To us, the most important takeaway from Point Blue’s report is that methane produced by livestock is one of many variables that needs to be considered on a ranch that strives to be regenerative. The myriad co-benefits of grass-based adaptively managed livestock, such as “food, soil health, biodiversity, and economic livelihoods for local communities” often far outweigh the costs of methane emissions. Additionally, many innovative products are emerging to help reduce livestock methane emissions (Mootral and Blue Ocean Barns), and we are excited to see how they can support a holistic and regenerative approach to raising livestock.

Carbon Footprint Evaluation of Regenerative Grazing at White Oak Pastures

The second resource we’d like to share this month is a lifecycle analysis (LCA) by Quantis that evaluated the net climate impact (including methane) of the regenerative livestock grazing operations at White Oak Pastures (WOP) in Bluffton, Georgia. This LCA was published soon after Point Blue’s Issue Brief and is significant as it begins to fill the research need highlighted in Point Blue’s Issue Brief for more LCAs to “consider soil carbon sequestration in different livestock production systems.”

WOP is a 3,000 acre family farm that has converted heavily degraded annual cropland to perennial pasture and used regenerative grazing with cattle, sheep, goats, hogs, poultry, and rabbits to restore the health of the land. Their 2019 LCA shows that WOP has been able to produce beef with a carbon footprint that is 111% lower than the conventional US beef production system through adaptive and regenerative management that improved soil carbon sequestration. Importantly, WOP is not just producing beef in a less climate harmful way, its production results in a net drawdown of greenhouse gassses. This means that their grass-fed beef production methods are more efficient in terms of climate emissions per pound of product than conventional beef, pork, chicken, and even soybean production systems.

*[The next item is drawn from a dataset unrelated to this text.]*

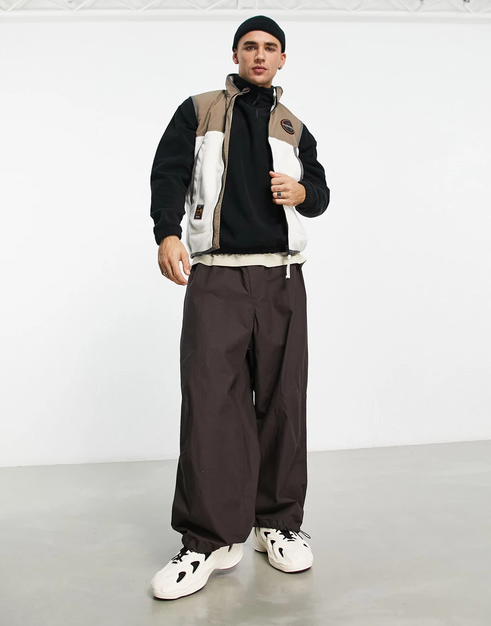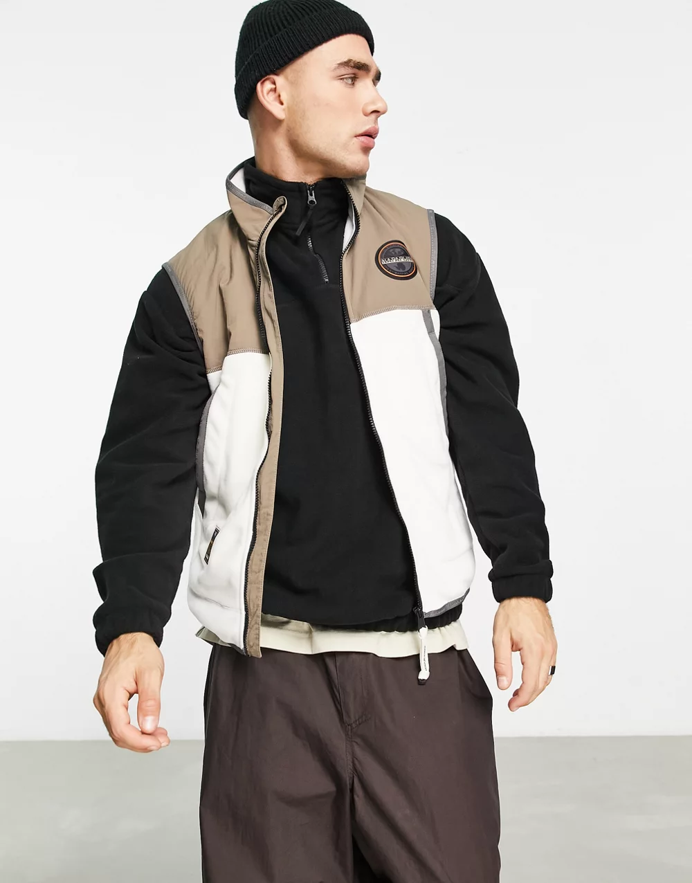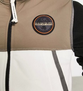 - Napapijri Ambato zip up fleece gilet in off white and brown

The LCA’s authors note that while their analysis was rigorous, the reported results are not certainties. For example, they warn that the benefits of WOP’s management may be less beneficial than predicted if the carbon sequestered in their soils is lost because of future tillage or if the soils become unable to store more carbon. Additionally, they note that the climate impact per pound of beef produced may also be better than predicted if improvements in the land’s health increase per acre productivity or if estimations of livestock methane emissions were overestimated. Looking beyond Georgia, it is important to remember that WOP’s wetter, more mesic environment is more responsive to soil carbon sequestration than drier areas and therefore the magnitude of their results should not be expected everywhere. More research in diverse contexts is certainly needed.

Ultimately, like the Point Blue Issue Brief, the Quantis LCA highlights that the benefits of regenerative ranching go beyond climate stability. Regenerate ranching can provide improved water efficiency, reduced nutrient runoff from fertilizers and manure, reduced pesticide use, increased wildlife habitat, increased animal welfare, and revitalized rural economies.

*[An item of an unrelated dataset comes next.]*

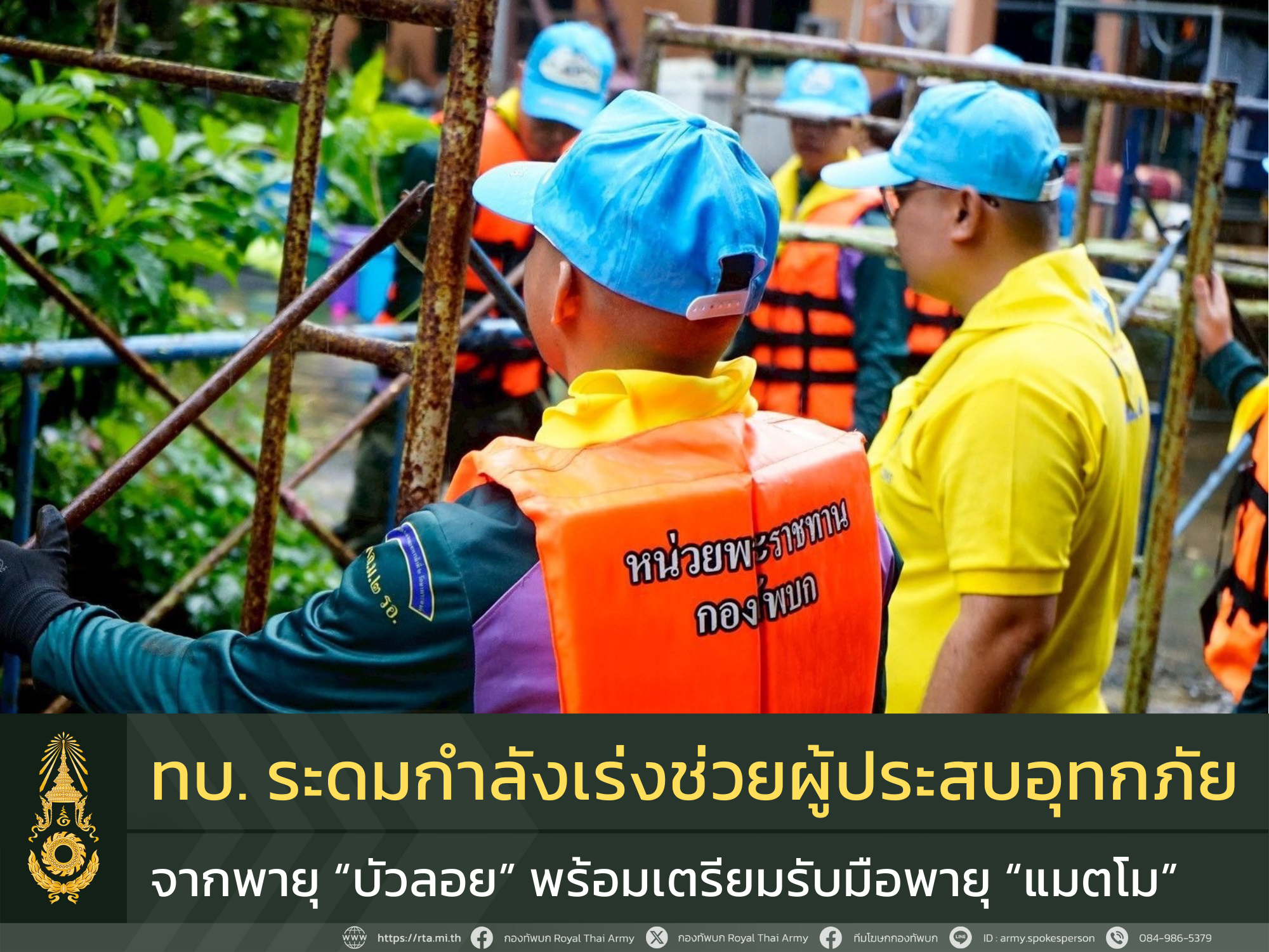 กองทัพบก / ศูนย์บรรเทาสาธารณภัยกองทัพบก ยืนยันความพร้อมของหน่วยทหารในทุกภูมิภาค เร่งดำเนินการช่วยเหลือประชาชนที่ได้รับผลกระทบจากอิทธิพลของพายุอย่างรอบด้าน โดยบูรณาการความร่วมมือกับทุกภาคส่วน เพื่อให้การฟื้นฟูและการกลับคืนสู่ชีวิตปกติของประชาชนเป็นไปโดยเร็วและยั่งยืน

Given the importance of all of these and other factors for the health of the planet and for people, we feel inspired by these reports to remember that the management decisions we make should not be limited to a single variable, but instead should consider the vast and interconnected systems that are impacted by how we steward the land.

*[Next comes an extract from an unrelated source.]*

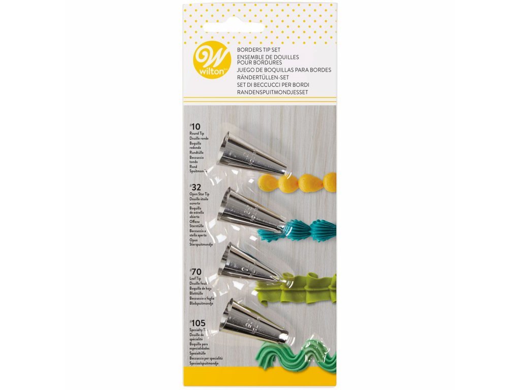 Tuto čtyřdílnou sadu hrotů Wilton lze použít k základním technikám zdobení a k rychlému vytvoření čar, teček, lemu mušlí, krásných řasení listů a výrazných okrajů.

1 IPCC. 2013. Climate Change 2013: The Physical Science Basis. Contribution of Working Group I to the Fifth Assessment Report of the Intergovernmental Panel on Climate Change [Stocker, T.F., D. Qin, G.-K. Plattner, M. Tignor, S.K. Allen, J. Boschung, A. Nauels, Y. Xia, V. Bex and P.M. Midgley (eds.)]. Cambridge University Press, NY.
2 Saunois, M., P. Bousquet, B. Poulter, A. Peregon, et al. 2016b. The global methane budget 2000-2012. Earth System Science Data 8:697-751
3 Pelletier, N., R. Pirog, and R. Rasmussen. 2010. Comparative life cycle environmental impacts of three beef production strategies in the Upper Midwestern United States. Agricultural Systems 103:380-389.
4 Saunois, M., P. Bousquet, B. Poulter, A. Peregon, et al. 2016b. The global methane budget 2000-2012. Earth System Science Data 8:697-751.